Les liens avec Obama révélés au grand jour
Au-delà de l’enquête sur les documents classifiés, ces enregistrements donnent un aperçu des relations entre Joe Biden et Barack Obama. Joe Biden évoque des désaccords sur la politique économique à la suite de la crise financière de 2008, affirmant qu’Obama « s’énervait » lorsqu’il prônait une approche plus ferme à l’égard des banquiers de Wall Street.
Tensions politiques
Biden laisse également entendre que l’entourage proche d’Obama est devenu « inconsciemment redevable à la Silicon Valley », affirmant que l’administration n’a pas suffisamment protégé les Américains de la classe moyenne. Il rappelle en outre qu’Obama l’avait prévenu que se présenter contre Hillary Clinton pour l’investiture démocrate en 2016 serait « une bataille difficile ».
La défense juridique de Biden
Tout au long de la procédure judiciaire, les avocats de Biden ont fait valoir que ces entretiens étaient des conversations privées destinées uniquement à l’aider à rédiger ses mémoires. Après la divulgation des enregistrements, son équipe juridique a déclaré : « Les conversations du président Biden, enregistrées il y a dix ans dans le cadre de la rédaction d’un livre et portant sur son fils décédé, sont privées, et ont été transmises au ministère de la Justice à la condition expresse qu’elles le restent.
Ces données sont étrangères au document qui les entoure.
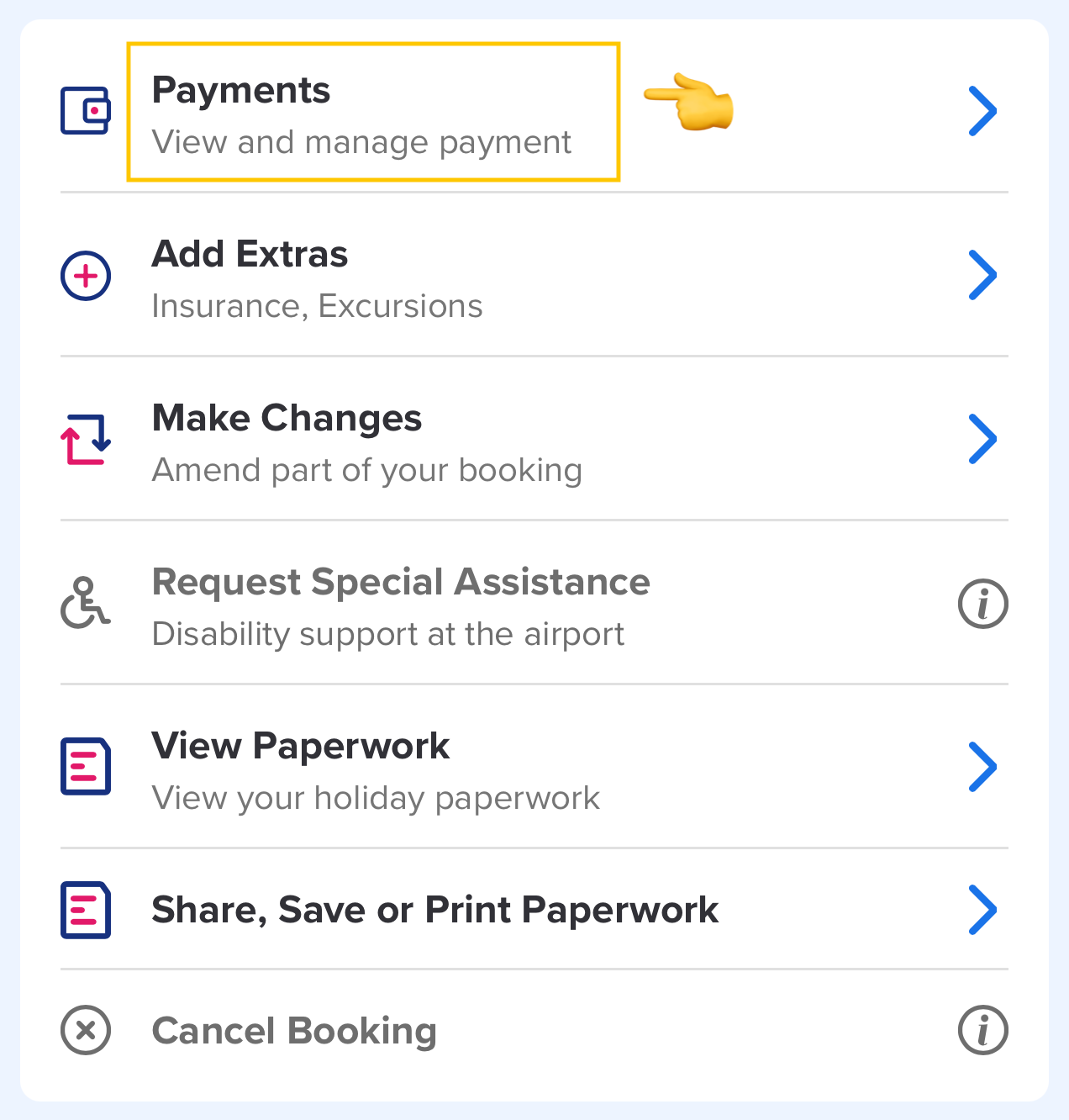 Step 2: Tap the Booking you are due a refund on and scroll down until you see the Payments section, tap to open.

Faire marche arrière et les rendre publiques n’est que le dernier exemple en date de la manière dont cette administration utilise le ministère de la Justice comme une arme à des fins de représailles politiques. »
Confidentialité contre transparence
Les avocats de Biden ont soutenu que le fait d’avoir remis les enregistrements au ministère de la Justice au cours de l’enquête n’aurait jamais dû porter atteinte à son droit à la vie privée. Cependant, la cour d’appel a conclu que l’intérêt public à accéder à ces enregistrements l’emportait sur ces intérêts liés à la vie privée, mettant ainsi un terme à ce long litige.
Un nouveau débat s'ouvre
La publication de ces enregistrements a relancé le débat autour de l’enquête menée par Robert Hur et a permis au public d’entendre directement les conversations qui ont façonné bon nombre de ses conclusions. Au-delà des questions relatives aux documents classifiés, ces enregistrements offrent également un aperçu d’une franchise inhabituelle sur la mémoire de Joe Biden, ses réflexions sur l’administration Obama et ses pensées intimes au cours de l’une des périodes les plus décisives de sa carrière politique.